_MATERIAL TO PROCESS_
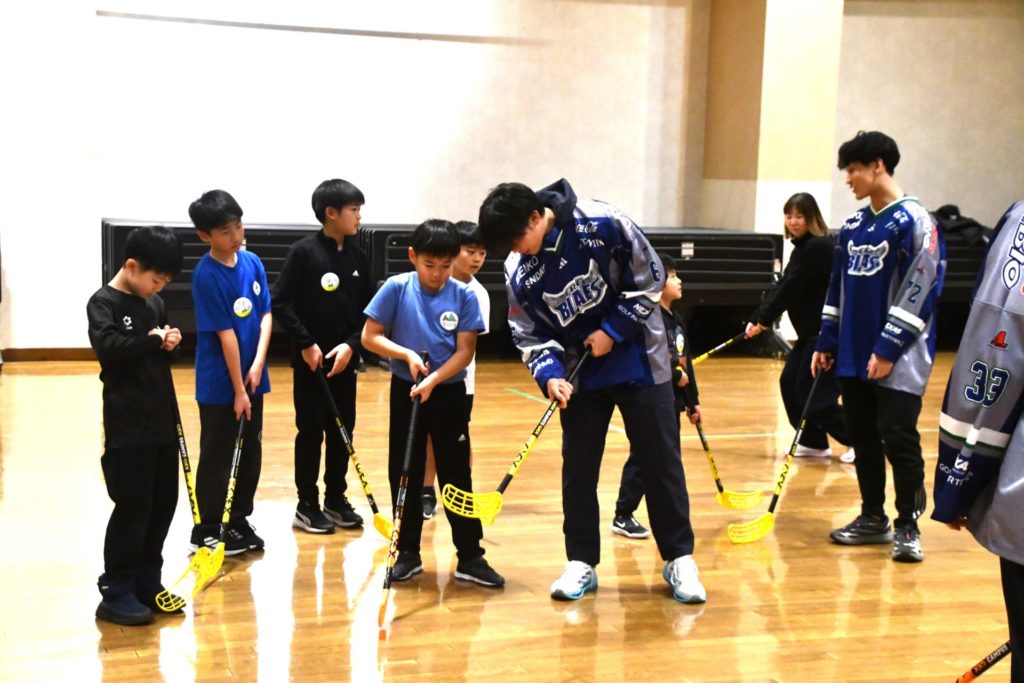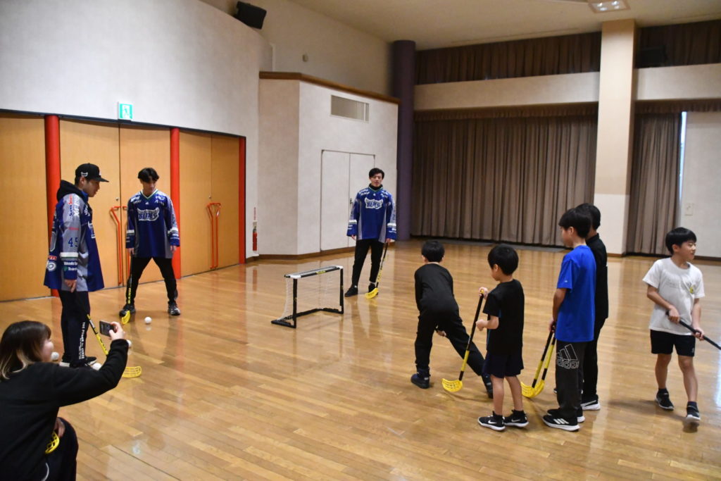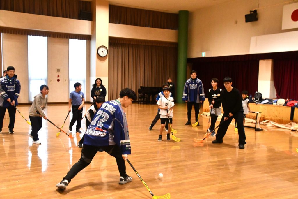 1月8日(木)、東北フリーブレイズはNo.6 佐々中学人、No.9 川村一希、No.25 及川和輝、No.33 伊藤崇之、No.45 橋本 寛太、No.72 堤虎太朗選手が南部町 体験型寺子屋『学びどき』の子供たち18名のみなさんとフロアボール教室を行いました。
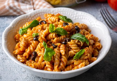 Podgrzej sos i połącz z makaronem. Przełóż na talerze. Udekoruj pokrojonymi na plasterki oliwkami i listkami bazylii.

--

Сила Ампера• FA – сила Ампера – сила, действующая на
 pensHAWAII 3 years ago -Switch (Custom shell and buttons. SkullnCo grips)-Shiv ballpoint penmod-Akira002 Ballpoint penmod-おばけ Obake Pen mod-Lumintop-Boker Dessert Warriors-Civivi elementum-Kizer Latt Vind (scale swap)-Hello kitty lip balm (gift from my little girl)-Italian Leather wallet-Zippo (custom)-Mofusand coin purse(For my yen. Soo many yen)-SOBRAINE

_WHAT YOU NEED TO DO_
Out of the records above, please copy exactly the lines from the line with "1月8日(木)、東北フリーブレイズはNo.6 佐々中学人、No.9 川村一希、No.25" up to and including the line with "Podgrzej sos i", minus the pictures.

_TASK OUTPUT_
 1月8日(木)、東北フリーブレイズはNo.6 佐々中学人、No.9 川村一希、No.25 及川和輝、No.33 伊藤崇之、No.45 橋本 寛太、No.72 堤虎太朗選手が南部町 体験型寺子屋『学びどき』の子供たち18名のみなさんとフロアボール教室を行いました。
 Podgrzej sos i połącz z makaronem. Przełóż na talerze. Udekoruj pokrojonymi na plasterki oliwkami i listkami bazylii.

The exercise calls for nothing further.